Crop models allow simulating irrigated plant dynamics at the plot level. However, in many places irrigation is managed collectively to share water at the network level. To study the impact of the irrigation network constraints on plant dynamics, we proposed a co-simulation approach based on the coupling of the Optirrig crop model at the plot level with the WatASit agent-based model at the network level. As a proof of concept applied on a typical gravity network of the South-East of France, the approach allowed to consider the effects of the network spatial (i.e. water flow gradient) and temporal (i.e. network coordination) constraints on leaf area index and water stress index dynamics of 16 cereal plots. Four progressive levels of collective irrigation constraints are simulated: no collective constraints, space collective constraints, time collective constraints, and space and time collective constraints. Retrospective simulation of the 2017 irrigation campaign is consistent with field surveys, and simulation results suggest that plant water stress could be underestimated when simulated at the plot level rather than at the network level.

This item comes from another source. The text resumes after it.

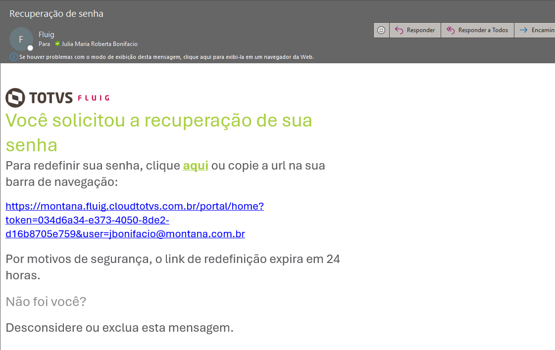 Após clicar no link, será aberto um site do Fluig onde você poderá inserir sua nova senha.
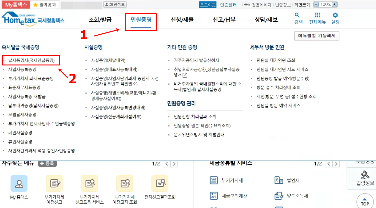 홈택스에서 법인 국세완납증명서 발급받는 방법

Spatially, the most severe water stress was observed for the plants located furthest downstream of the network. Temporally, the absence of network coordination can lead to earlier plant water stress and lower plant growth during the collective irrigation campaign, while time-slot-based coordination tends to delay the impact. For future research, reinforcing the coupling from the crop model to the agent-based model could allow to study the feedback loop of plant dynamics on irrigation practice adaptations. It is also a first step towards an optimization approach for irrigation networks.